In vivo evaluation of a Nano-enabled therapeutic vitreous substitute for the precise delivery of triamcinolone to the posterior segment of the eye

Kruti Naik; Lisa Claire du Toit; Naseer Ally; Yahya Essop Choonara

doi:10.1007/s13346-024-01566-1

In vivo evaluation of a Nano-enabled therapeutic vitreous substitute for the precise delivery of triamcinolone to the posterior segment of the eye

Drug Deliv Transl Res. 2024 Mar 22. doi: 10.1007/s13346-024-01566-1. Online ahead of print.

Authors

Kruti Naik¹, Lisa Claire du Toit¹, Naseer Ally², Yahya Essop Choonara³

Affiliations

¹ Wits Advanced Drug Delivery Platform Research Unit, Department of Pharmacy and Pharmacology, School of Therapeutic Sciences, Faculty of Health Sciences, University of the Witwatersrand, 7 York Road, Johannesburg, Parktown, 2193, South Africa.
² Division of Ophthalmology, Department of Neurosciences, School of Clinical Medicine, Faculty of Health Sciences, University of the Witwatersrand, 7 York Road, Johannesburg, Parktown, 2193, South Africa.
³ Wits Advanced Drug Delivery Platform Research Unit, Department of Pharmacy and Pharmacology, School of Therapeutic Sciences, Faculty of Health Sciences, University of the Witwatersrand, 7 York Road, Johannesburg, Parktown, 2193, South Africa. yahya.choonara@wits.ac.za.

PMID: 38519828
DOI: 10.1007/s13346-024-01566-1

Abstract

This study focused on the design of a thermoresponsive, nano-enabled vitreous substitute for the treatment of retinal diseases.
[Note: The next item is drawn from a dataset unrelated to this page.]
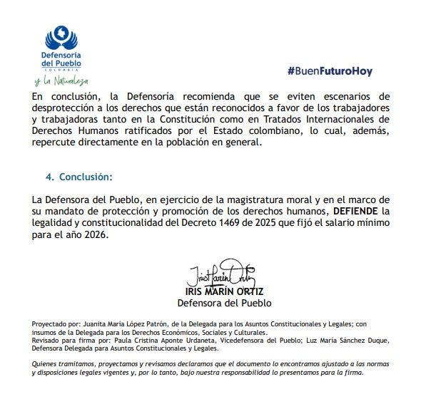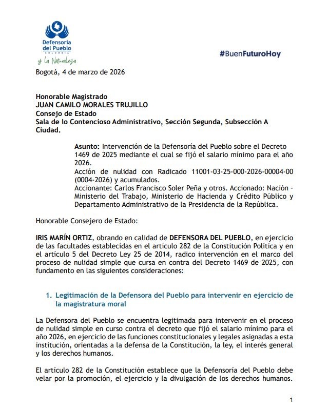 Con este respaldo jurídico, la Defensora del Pueblo hace un llamado al Consejo de Estado para que prevalezca el interés general y se proteja la base económica de la clase trabajadora colombiana. La decisión final queda ahora en manos del alto tribunal, que deberá ponderar los argumentos técnicos de los accionantes frente a la postura de la Defensoría, la cual insiste en que proteger el salario mínimo de 2026.

Synthesis of a hydrogel composed of hyaluronic acid and a poloxamer blend was undertaken. Poly(D,L-lactide-co-glycolide) acid nanoparticles encapsulating triamcinolone acetonide (TA) were synthesised with a spherical morphology and mean diameter of ~ 153 nm. Hydrogel fabrication and nanoparticle loading within the hydrogel was confirmed via physicochemical analysis. Gelation studies indicated that hydrogels formed in nine minutes and 10 min for the unloaded and nanoparticle-loaded hydrogels, respectively. The hydrogels displayed in situ gel formation properties, and rheometric viscoelastic studies indicated the unloaded and loaded hydrogels to have modulus values similar to those of the natural vitreous at 37 °C. Administration of the hydrogels was possible via 26G needles allowing for clinical application and drug release of triamcinolone acetonide from the nanoparticle-loaded hydrogel, which provided sustained in vitro drug release over nine weeks. The hydrogels displayed minimal swelling, reaching equilibrium swelling within 12 h for the unloaded hydrogel, and eight hours for the nanoparticle-loaded hydrogel. Biodegradation in simulated vitreous humour with lysozyme showed < 20% degradation within nine weeks. Biocompatibility of both unloaded and loaded hydrogels was shown with mouse fibroblast and human retinal pigment epithelium cell lines. Lastly, a pilot in vivo study in a New Zealand White rabbit model displayed minimal toxicity with precise, localised drug release behaviour, and ocular TA levels maintained within the therapeutic window for the 28-day investigation period, which supports the potential applicability of the unloaded and nanoparticle-loaded hydrogels as vitreous substitutes that function as drug delivery systems following vitrectomy surgery.

Keywords: In situ hydrogel; Nanoparticles; Polymers; Retinal detachment; Triamcinolone acetonide; Vitreous substitute.